The science isn't merely the most important thing, it's the *only* important thing... unless you're just interested in using ZENN as a pump-and-dump stock. I have a fairly good grounding in basic science, but the technical aspects of this are completely over my head. However, to some extent I think it doesn't matter that much if we understand the intricacies of how capacitors work or not. People qualified to speak to that, such as y_po, are basically saying "If you accept the premises that the industry currently uses, then here's proof that what EEstor is claiming can't work."

There are plenty of precedents for people who deluded themselves and/or others into thinking they had a real breakthru when they didn't. The "smart money" would bet EEstor's claims won't be realized, even tho they *have* gotten some respected partners. Even smart people can be fooled; it certainly has happened before.

Contrariwise, disruptive technologies *have* been invented which have transformed the world. Iron working, paper, gunpowder, Watt's steam engine, the alternating current electric motor, light bulbs, the internal combustion engine, plastic, lasers, microwave ovens, desktop computers and the Internet have transformed our way of life. It's possible EEstor will do the same.

But no matter how much we debate the subject here or try to analyze it, we can't determine the truth of the matter. Only insiders privy to EEstor's technology have sufficient information to know the truth of their claims... and perhaps not even most of them, if EEstor is running a scam.

Like it or not, we're just going to have to wait until some independent agency tests an EEstor unit and reports on how well it works.

That's not to dismiss the value of the scientific discussion/ debate which y_po and other engage in here. I'm certainly interested in learning more about the science. But all the calculations used for the current capacitor/ ultracapacitor industry rest on a certain set of assumptions, and clearly EEstor is using different assumptions. Those assumptions must be demonstrated and tested before we can accept they're valid.

This has nothing to do with whether or not we "believe" Richard Weir, or anybody else with EEstor or ZENN Motors. It's solely about the scientific method, which is the only way to *properly* judge claims of a breakthru technology.

"Extraordinary claims require extraordinary evidence." --Carl Sagan

Y_Po said...

steve,
My irony meter just melted

steve said...
This comment has been removed by the author.
zawy said...

I took y_po's suggestion that i re-read some basic dielectric text.

From Feynman Vol 2 Ch 10-3:

dielectric surface charge which is approx equal to plate surface charge for high k which is =

k*eo*E = N*q*x = 68 coulumbs/m^2 (4 e per A^2)

Where E is between the plates, not in the BT (350 V/1 um)
N = number of dipoles per volume. I'll use 1 dipole per 4x4x4 Ang of crystal.
q = charge in columbs per dipole
x = the separation between dipole's + and - charges

My goal is to solve for x, the separation between the Ti+4 ion and the 2 O-2 ions to see if it's reasonable, despite high surface charge.

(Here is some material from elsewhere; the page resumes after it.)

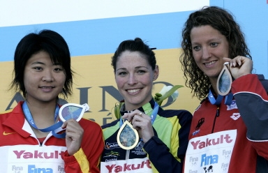 中新社蒙特利爾七月二十八日電(記者 夏宇華)十八歲的山東姑娘高暢不復昨日之勇,今天在女子五十米仰泳決賽中以零點零六秒之差敗在比她大五歲的澳大利亞選手魯尼手下,獲得一枚銀牌。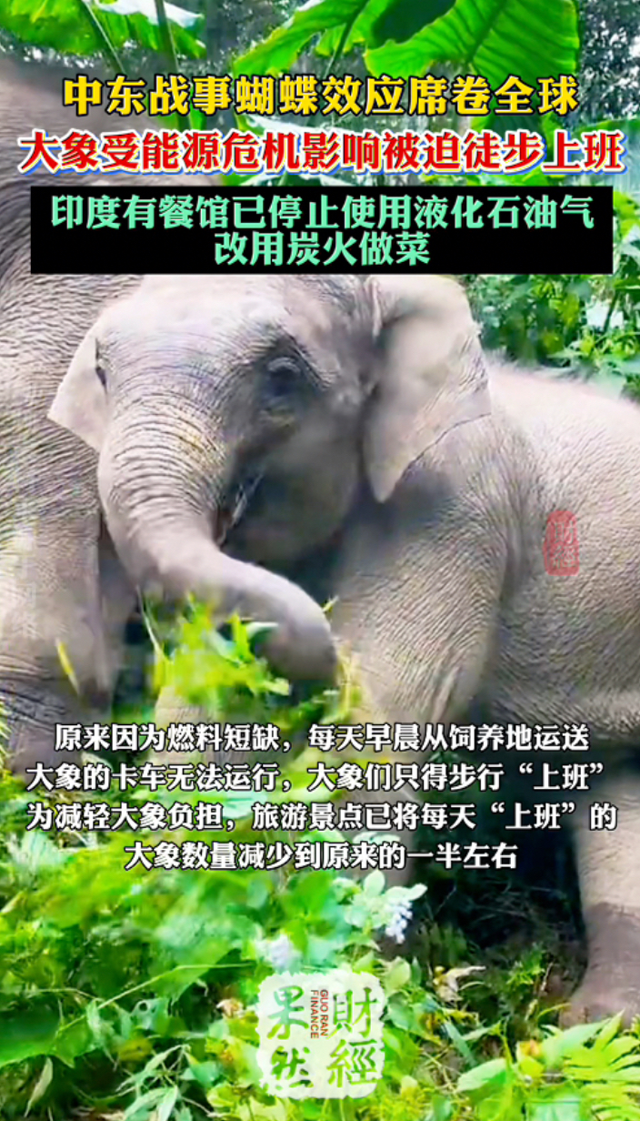 果然财经|中东战事蝴蝶效应席卷全球,泰国有大象被迫徒步上班 13:19 原创齐鲁晚报·齐鲁壹点客户端 微信扫码扫码下载客户端据央视网,随着中东战事持续,影响持续外溢,“高油价冲击波”正传导至交通运输、食品等方方面面。有分析人士指出,中东战事的蝴蝶效应正在全球范围内持续放大。在泰国,当地民众、外国游客乃至旅游景点的大象都切身感受到了压力。

d=22,000*8.85E-12*(350/1E-6)/[1/(4E-10)^3*(+4)*1.6E-19]

22,000 is for the CMBT itself rather than the reduced 18,000.

d = 68 angstroms, which means the dipole would have to be 17 times longer than the crystal it's supposed to be inside.

This is a different approach to show that that this amount of energy storage is ridiculous.

As a check, the highest energy density found before was 10 J/cc, 1,000 times lower the EEStor. Since energy = Q*V/2, reduce E above by factor of 1,000. This is the same as using EEStor's equipment at 1,000 times less voltage. So d is also reduced by 1,000, or 0.068 angstroms, 1.7% the width of the 4 angstrom lattice. Very reasonable, close to what I guessed the maximum dipole could be.

I can find a way around the series capacitor effect (sort of mentioned by feynman in fig 10-3 saying the 12% is right for 88% dielectric in an insulating material) as an approximation. but i still don't understand it not being a series effect.

I'm with y_po now. Energy density seems impossible.

Tom Villars said...

It seems to me that until Dick Weir writes his scientific paper that is peer reviewed and published the people debating the science will just have to wait before anything conclusive can be said about how the technology works.

On the other hand those wishing to make an investment decision, ZENN is a serious option to consider because of the associated stake holders and track record to date. Obviously it is a highly speculative venture but any balanced portfolio includes a small percentage of high risk high gain stocks.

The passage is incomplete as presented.